The law enshrines the principle of self-determination throughout our lives, especially when it comes to medical decisions. No one can interfere with my person without my free and informed consent. Why then, at the most intimate moment in my life, would the state interfere in my life and take away my right to self-determination? I can only make a free choice if the practitioner is able to offer me all the choices, including access to palliative care, palliative sedation, and medical assistance in dying. This is a decision that only a dying person can make.

These types of bills and debates take us away from far nobler objectives. There is nothing new here to crow about; it was already set out in the legislation.

I would like members to understand why the Bloc Québécois will oppose this bill. We oppose this bill because at present, in Quebec, some people requesting MAID in a hospital are not being admitted to a palliative care unit. It is shameful that people at the end of their lives must live their last moments in a place that is far from peaceful and far from what is recommended as appropriate for dying with dignity. Why oppose that?

We must focus our efforts on having a continuum of care, working to ensure that palliative care is as available and accessible as possible in all forms, whether at home, in hospices, or elsewhere.

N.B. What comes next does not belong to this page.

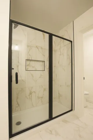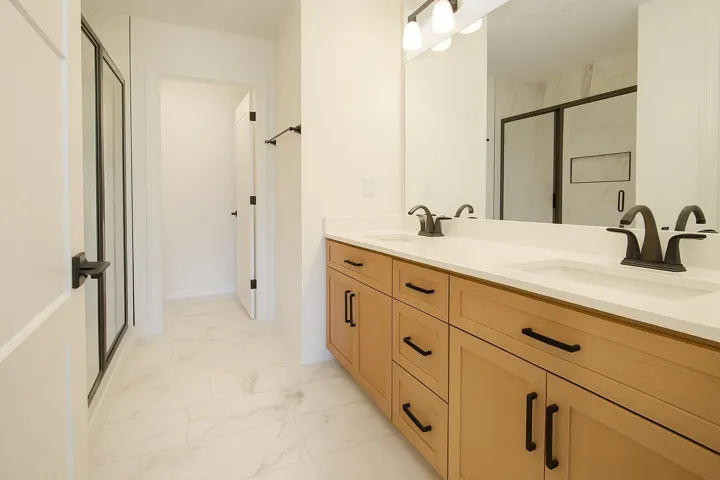 Upstairs, the spacious primary suite offers a true retreat with an incredible fully tiled shower and a walk-in closet. All bathrooms feature elegant tile flooring along with matte black faucets, lighting, and hardware for a sophisticated, contemporary touch.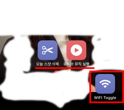 이미 아이폰 배경화면에 3개의 단축어를 사용하고 있습니다. WIFI Toggle 아이폰 단축어가 생긴 걸 볼 수 있습니다. 클릭하여 와이파이를 꺼봅시다.

A request for assisted death must be viewed not as a failure, but as a success in accompanying an individual towards death.

Protection of Freedom of Conscience ActPrivate Members' Business

11:45 a.m.

NDP

Randall Garrison NDP Esquimalt—Saanich—Sooke, BC

Madam Speaker, I am pleased though a bit surprised to be speaking on Bill C-230. Less than a year ago, on May 27, 2021, we were in the House debating Bill C-268, the very same bill from the very same member for Carlton Trail—Eagle Creek. While I am a bit in awe of the member's ability to place so highly in the random draw for Private Members' Business in two successive Parliaments, I am also at a bit of a loss to explain why the member would squander her luck on this bill.

There are two reasons I say this. As MPs we get limited opportunities to place bills directly before the House. I had that opportunity in 2013, and I used it to put forward Bill C-279, which sought to add gender identity and gender expression to the list of prohibited grounds for discrimination in the Canadian human rights code and in the hate crime section of the Criminal Code. Though many thought it unlikely, the bill did pass the House with support from MPs from all parties. It took a lot of work to put together that coalition of MPs. While my bill followed a somewhat torturous path, there was always a path forward and it became law.

I wonder why it is that having heard so clearly, in speeches less than a year ago, that there was limited, if any, support for this bill outside her own party, the member for Carlton Trail—Eagle Creek has brought it back again. Since there is nothing to indicate any change of circumstances or any change of heart, this bill will go nowhere this time as well. Failing to bring forth a bill that might have some prospect for passing or reintroducing this bill instead of bringing forward a new bill presenting ideas not already debated here in the House leads me to call reintroducing this bill, at best, a missed opportunity.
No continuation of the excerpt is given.